Enhancer regions interacting with Runx1 recruit haematopoietic TFs in HPC-7 cells, therefore we determined if these regions act as enhancers in vivo. Each of the putative enhancers was tested for the ability to drive tissue-specific GFP expression in zebrafish embryos. Eight out of nine drove GFP expression specifically in the intermediate cell mass and posterior blood island, which are sites of haematopoietic progenitor cell production at 20–24 hours post-fertilisation (hpf)24 (Fig. 5a,b and Supplementary Fig. S4). Two of these (−58 and +110) were previously shown to be active during mouse haematopoiesis15. The −303 enhancer also expressed GFP in keratinocytes, particularly after 24 hpf (Figs 5c, S4). Interestingly, −303 was the only enhancer identified that interacted with the P2 promoter of Runx1, rather than P1. Despite the occupancy of multiple haematopoietic TFs in HPC-7 cells, and the presence of similar TF binding motifs compared to the other enhancers (Fig. 3 and Supplementary Tables 1 and 2, we did not observe enhancer activity for −327, consistent with a previous study in mice15.

Figure 5
figure 5

Putative mouse enhancers are active in haematopoietic regions in zebrafish. Whole mount representative lateral images of zebrafish embryos (20–24 hpf [a,b] and ~48 hpf [c]) that were injected with enhancer-GFP plasmids at the one-cell stage; left hand panels are merges with bright field, right hand panels are GFP fluorescence. (a) Negative control ZED plasmid shows zero (image) or non-specific fluorescence, while the positive control (+24) shows GFP expression in haematopoietic cells of the posterior blood island (red arrows) and intermediate cell mass (yellow arrows), which  represent primitive blood cells. (b) Enhancer activity of +110, −48, −58, −303, −321, −327, −354, −368, −371. GFP expression was observed in primitive haematopoietic cells of the posterior blood island (red arrows) and intermediate cell mass (yellow arrows). (c) The −303 enhancer also expressed GFP in keratinocytes (white arrows in b,c). The numbers in the right hand panels represent the number exhibiting the representative phenotype out of the total number of fluorescent embryos analysed.

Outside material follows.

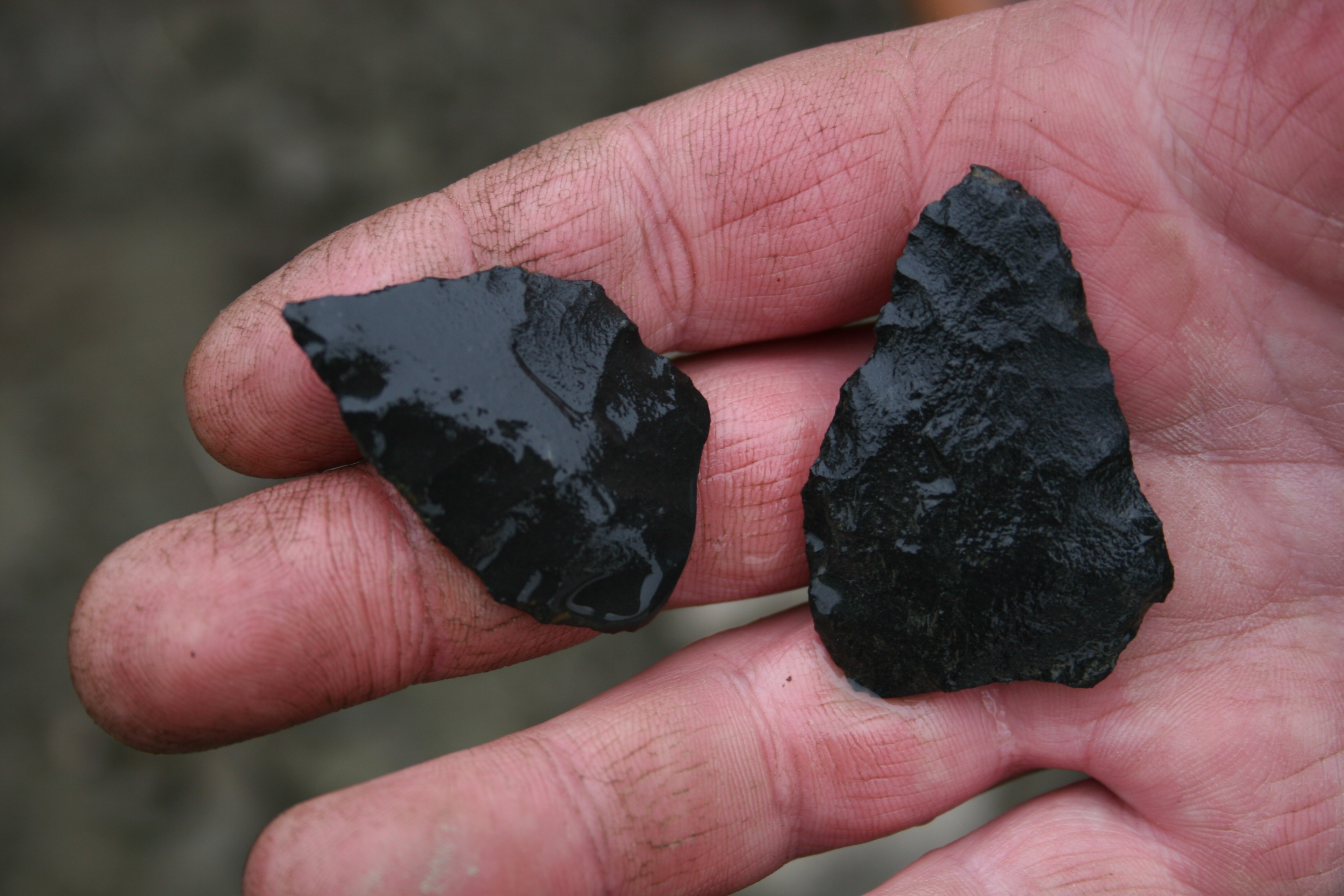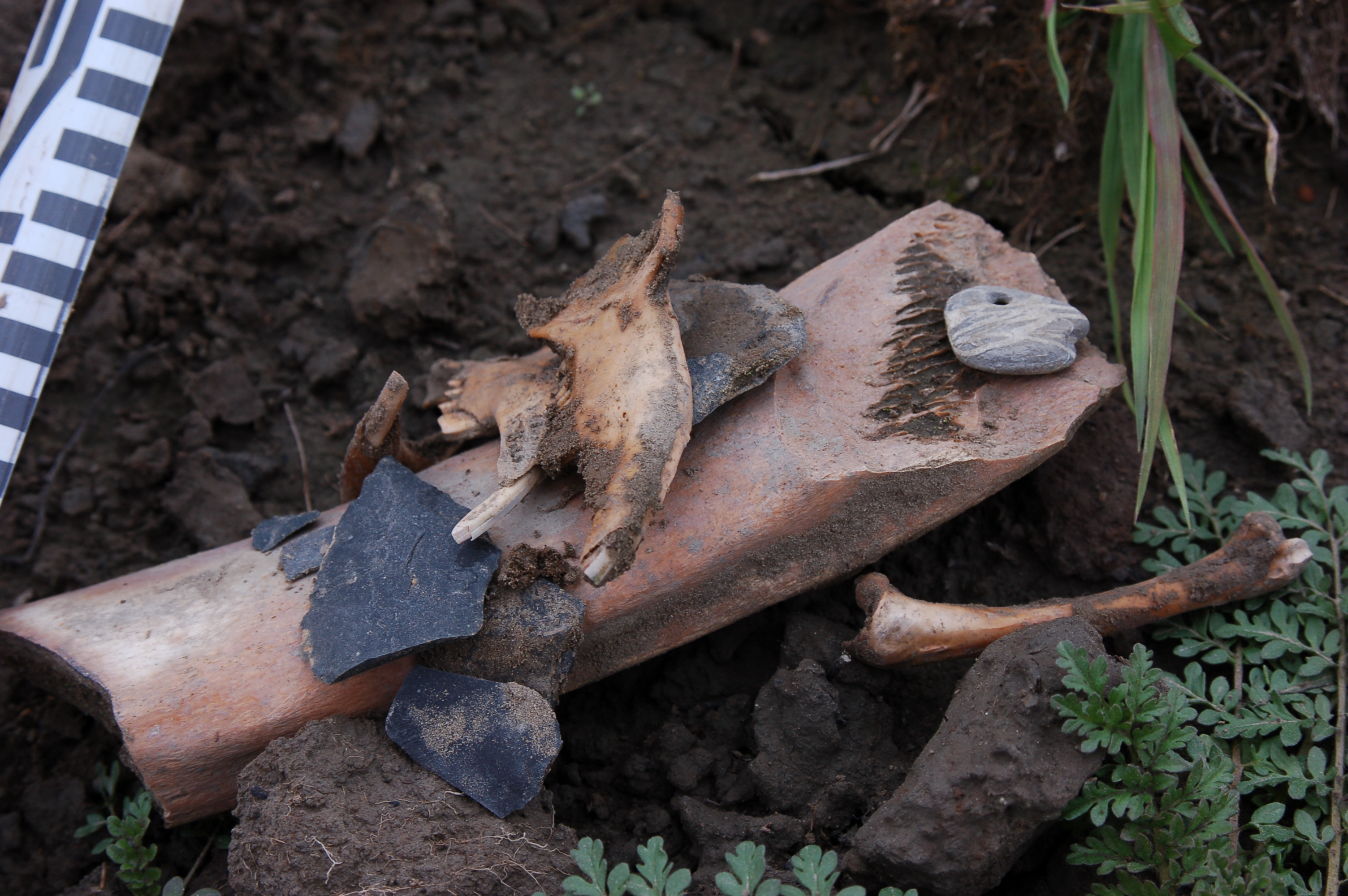 Предметы из осыпи культуросодержащего горизонта: подвеска, острие, отщепы, челюсти зайцев, орудие из ребра мамонта. Источник: Владимир Питулько

See also Supplementary Fig. S4.

In summary, we have assigned in vivo function to multiple putative enhancers upstream of Runx1 that were previously identified in silico 18. These regions not only drive haematopoietic expression, but also physically connect with the Runx1-P1 promoter, lending confidence to the concept that they are bona fide regulators of Runx1 transcription.

Discussion

4C analysis in HPC-7 cells generated a high-resolution connectivity map of the genomic region harbouring Runx1, and confirmed previously identified upstream connections from P1 to putative regulatory elements18. Runx1 appears to be contained within a ~1 Mb chromatin domain, consistent with Hi-C analyses in other cell types25,26. We observed multiple connections both up- and downstream from all 4C-seq baits (Runx1-P1, Runx1-P2 and +24 enhancer). Significantly, there were many more upstream connections anchored by the active elements (Runx1-P1 and +24).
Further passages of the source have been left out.